When the motor shaft 26 and cam 24 turn further in the direction of arrow 33 from their positions in FIG. 3c, the relative axial directions of movement of the pins 20 and 22 will reverse. The transducer 16 will then pivot in the direction opposite to that indicated by arrow 35, and will eventually arrive back in its initial position shown in FIG. 3a. Thus, for every 360° of rotation of the motor shaft 26 and cam 24, the transducer will pivot twice through its arc of travel, once in one direction and once in the opposite, returning direction.
The ultrasonic in-line probe of FIG. 1 is shown in detailed partial cross-section in FIG. 4. The arrangement of FIG. 4 makes use of the principle of the oscillation mechanism of FIGS. 3a-3c. In FIG. 4, the housing 14 is contained within the case 10. The cone 12 is screwed onto the transducer end of the probe, and is sealed with an O-ring seal 50. At the rear of the housing 14 the cable strain relief 11 is seated in an end cap 15. Wires 46 from the transducer 16, a motor 40, and a shaft encoder 44 pass through the probe and into the cable and strain relief 11. The illustrated shaft encoder 44 is an optical position encoder, but other types of encoders, such as a rotary variable differential transformer, may also be employed to encode the rotary position of the motor shaft and hence the angular orientation of the transducer. The motor shaft 26 rides in bearings 52, 54, at opposite ends of the motor 40. The encoding disc 56 of the optical encoder 44 is mounted on the end of the motor shaft 26 entering the encoder, and the cam swash plate 24 is mounted on the forward end of the motor shaft. The forward end of the motor shaft 26 is grooved for the set screw of the cam, and a spring 32 which is under compression is located between the cam 24 and the motor 40. The spring 32 urges the cam 24 against the reciprocating pins 20, 22. The cam, spring and pin mechanism may be viewed through an opening 13 in either side of the housing 14.
In the preceding drawings, the cam face 25 of the cam 24 was shown as a flat surface. However, a flat cam face will cause the oscillatory motion of the transducer to vary sinusoidally in velocity. In FIG. 4, the cam face 25 is not flat, but is a curved sinusoidal surface. The sinusoidal surface causes the transducer to oscillate with a more constant linear velocity than the flat surface, and thereby allows the subject to be more evenly insonified. Ease of image reconstruction is also afforded by the linear oscillation of the transducer.
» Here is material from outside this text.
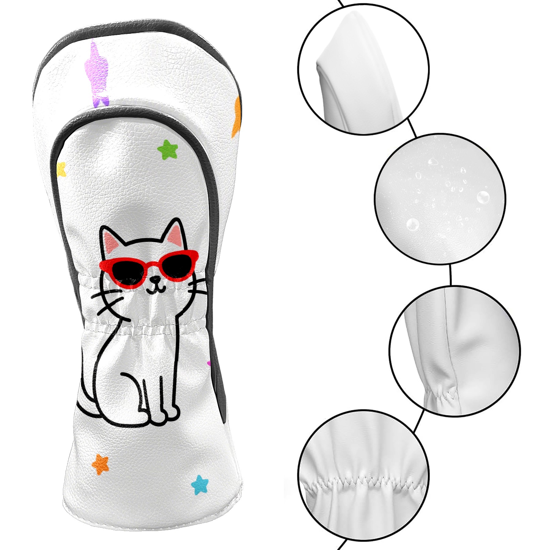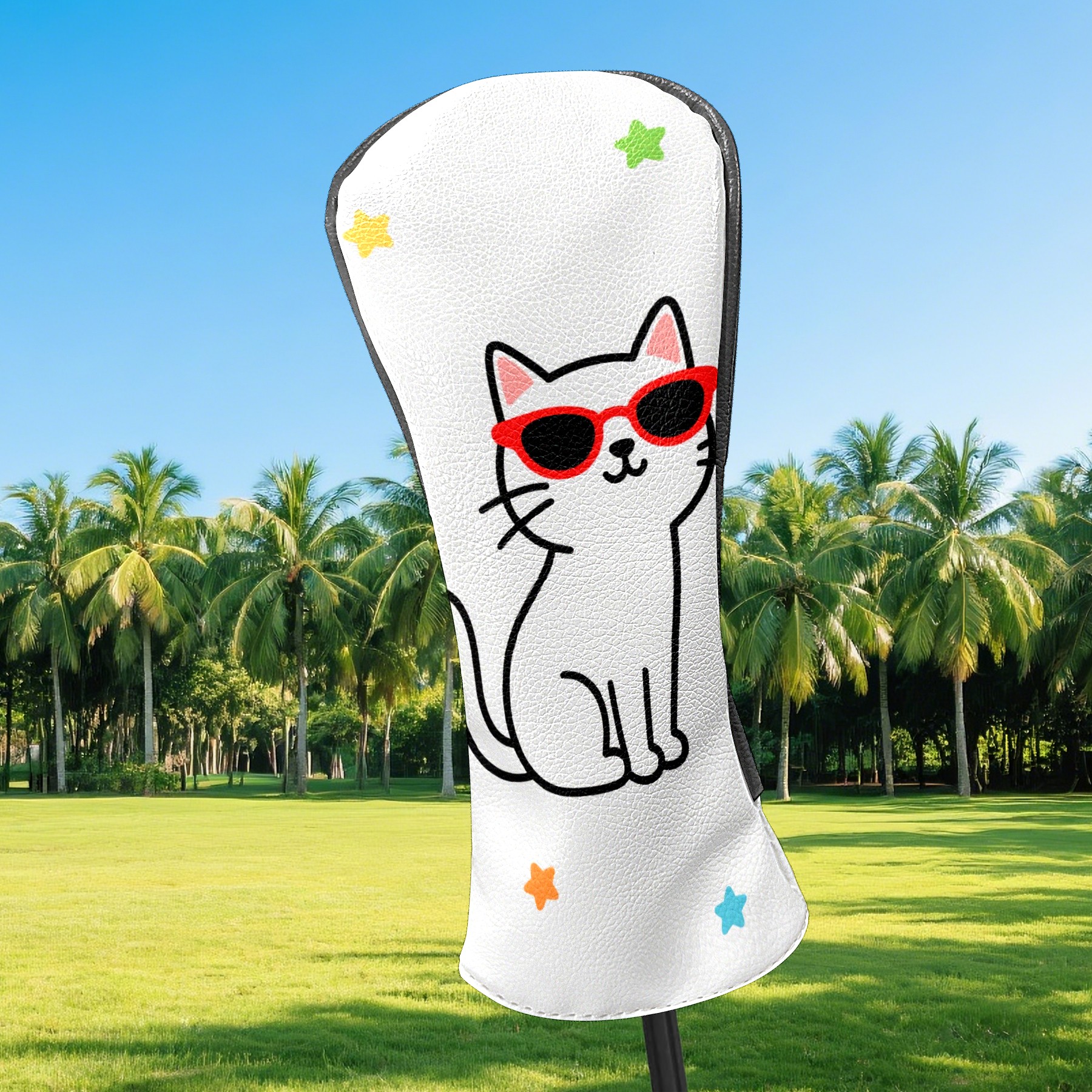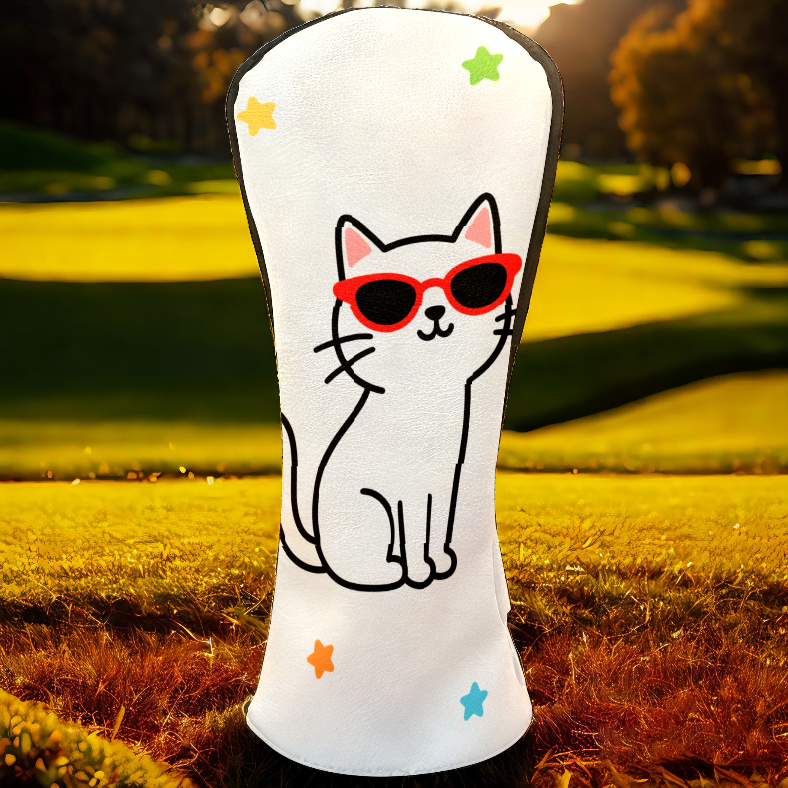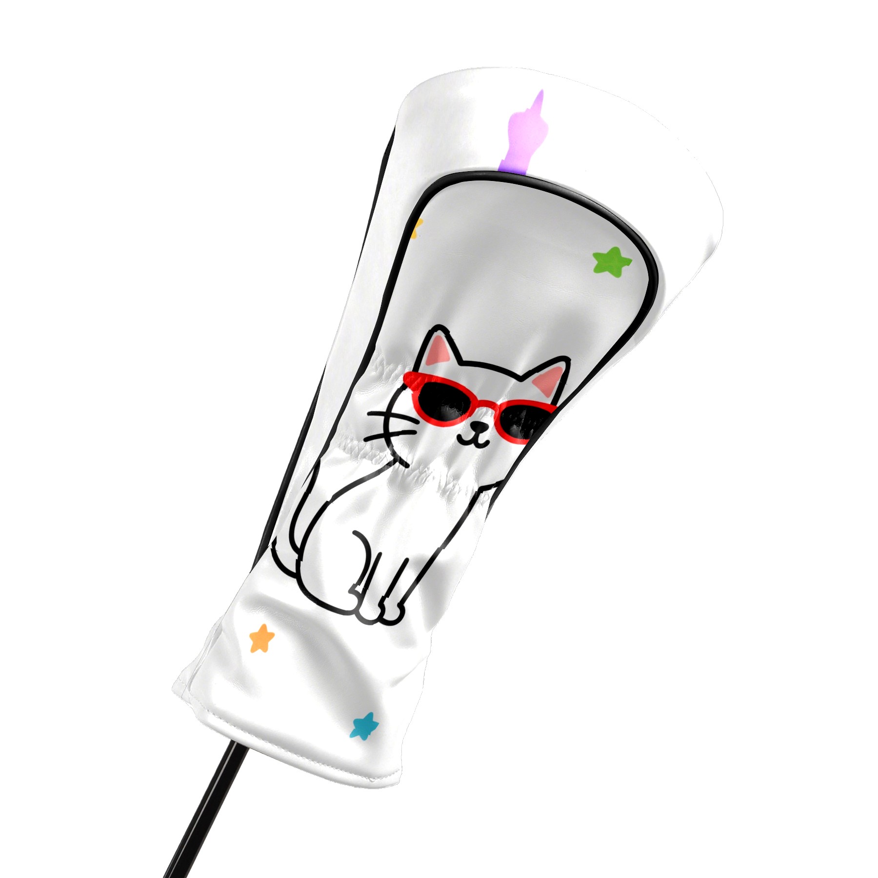 Golf Headcovers Fits Driver Hybrid Fairway 3/5 Wood, Waterproof PU Leather Golf Club Protector, Ideal Sports Accessories & Golfer Gift Cool Cat

It may be noted that the back surface 58 of the transducer mounting cup 18 is also effectively a cam surface on which the reciprocating pins 20, 22 ride. This surface 58 may also or alternatively be a shaped cam surface if desired. Furthermore, the angle of the cammed surfaces determines the angle of the scanning arc of the transducer. When the back surface 58 of the mounting cup is flat, a 45° angle of the cam face will provide a 90° scanning arc. Similarly, a 30° cam face angle will provide a 60° scanning arc.
The reciprocating pins 20, 22 are retained in position by a pin guide 34. Lubrication of the pins in the guide 34 is provided by the ultrasonic fluid located throughout the probe.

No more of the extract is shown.